When the CIO of a company recently contacted us about data space for housing 25 racks with the possibility of growing to 80 racks, he mentioned in passing that he was thinking about building his own data centre as an alternative. “We’re not experts in data centres but it would be much cheaper than buying from you,” he added.

Well, on the face of it, he could be right assuming a build cost of £2.5m, depreciate it over 10 years and you’ve a cost of £250K per annum, or per rack of £3,125 per year. That does sound cheap.

But how about the cost of capital, say an average of £100K pa, and equipment maintenance – perhaps another £50K pa? And of course rent and rates, say £90K pa, plus staffing where even assuming a bare minimum you will need £150K for salaries including all uplifts. So now the total is £640K pa or £8,000 per rack. Not so cheap after all.

But that’s the least of his problems. Remember he only wanted 25 racks initially. Those 25 racks now work out at an average of over £25,600 pa each. Still within a couple of years the data centre will be full so his price per rack will get back down to the lower level. But what if he keeps growing? What if he needs 85 racks? Where do the extra 5 racks go? Does he build another 80 rack data hall for a further £2.5m?

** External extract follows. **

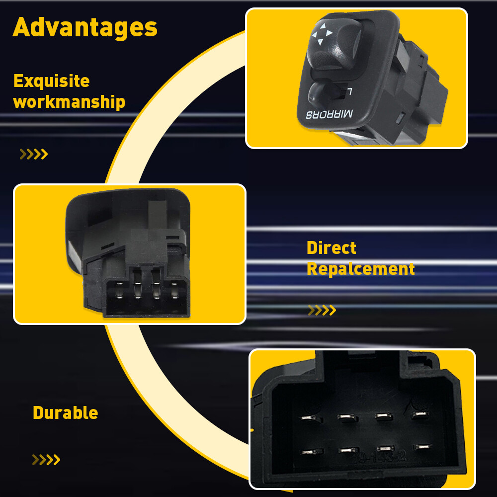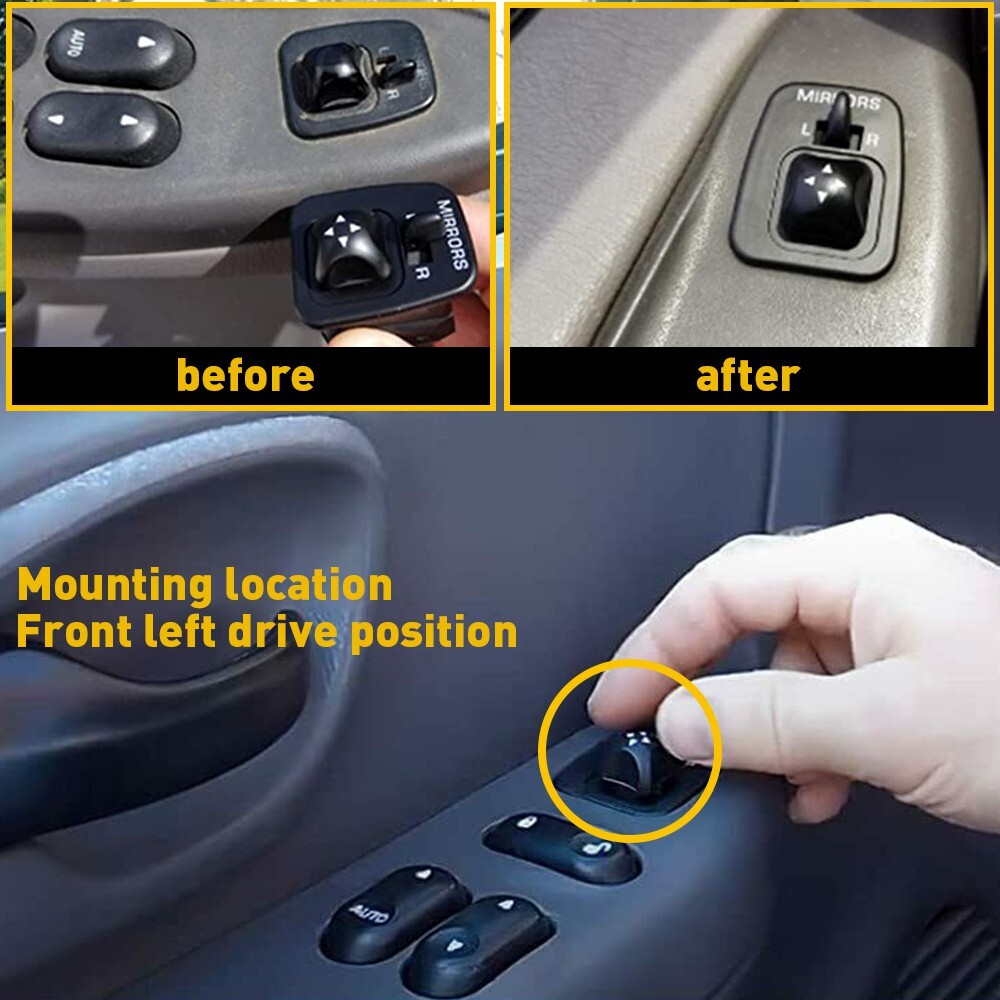 Fit for: 1999-2000 Ford Escort ZX2 S/R Driver Side Mirror Switch 1998-1999 Ford Escort ZX2 Hot Coupe Driver Side Mirror Switch 1998-1999 Ford Escort ZX2 Cool Coupe Driver Side Mirror Switch 2003 Ford Escort Driver Side Mirror Switch 2000-2002 Ford Escort ZX2 Driver Side Mirror Switch 2000-2005 Ford Excursion Driver Side Mirror Switch 1997-1999 Ford Expedition Driver Side Mirror Switch 2004 Ford F150 Heritage Truck Driver Side Mirror Switch 1999-2003 Ford F150 Truck Driver Side Mirror Switch 1999-2005 Ford F250 Super Duty Truck Driver Side Mirror Switch 1998-1999 Ford F250 Truck Driver Side Mirror Switch 1997 Ford F250 Truck Driver Side Mirror Switch 1999-2005 Ford F350 Super Duty Truck Driver Side Mirror Switch 1999-2005 Ford F450 Truck Driver Side Mirror Switch 1999-2005 Ford F550 Truck Driver Side Mirror Switch 2002-2005 Ford Thunderbird Driver Side Mirror Switch 2001-2003 Ford Windstar Driver Side Mirror Switch

The build option looks cheaper than colocation only if the cost of real estate and staff are ignored and full occupancy is assumed

The foregoing analysis also assumes that he has an available site which is suitable (secure, safe from flooding and flightpaths), planning permission, a source of power, connectivity options, a quality design and build contractor and plenty of cash to invest.

By comparison, housing the same number of initial and potential additional racks in a modern tier 3 UK colocation data centre will cost between £5,000 and £10,000 per rack pa depending on location (with London/inner M25 locations being at the higher end of the scale). This includes space, power, cooling and associated infrastructure.

This illustration shows the own-build option looks cheaper than colocation only if the cost of real estate and staff are ignored and full occupancy is assumed. Some of the new single site ‘mega’ data centres – over 250,000 square feet – can further reduce the cost per rack by delivering even greater economies of scale. This is achieved by all data hall construction taking place within one building and the utilisation of a common facilities infrastructure (power supply, HVAC plant, fibre cross connects, security).

So why do so many companies consider building their own data centres? A charitable explanation is that they feel more secure with an in-house data centre and it’s more efficient for staff if the data centre is on-site. A more cynical explanation is that a data centre is the ultimate vanity project.

But as the saying goes, “Revenue is vanity, profit is sanity.”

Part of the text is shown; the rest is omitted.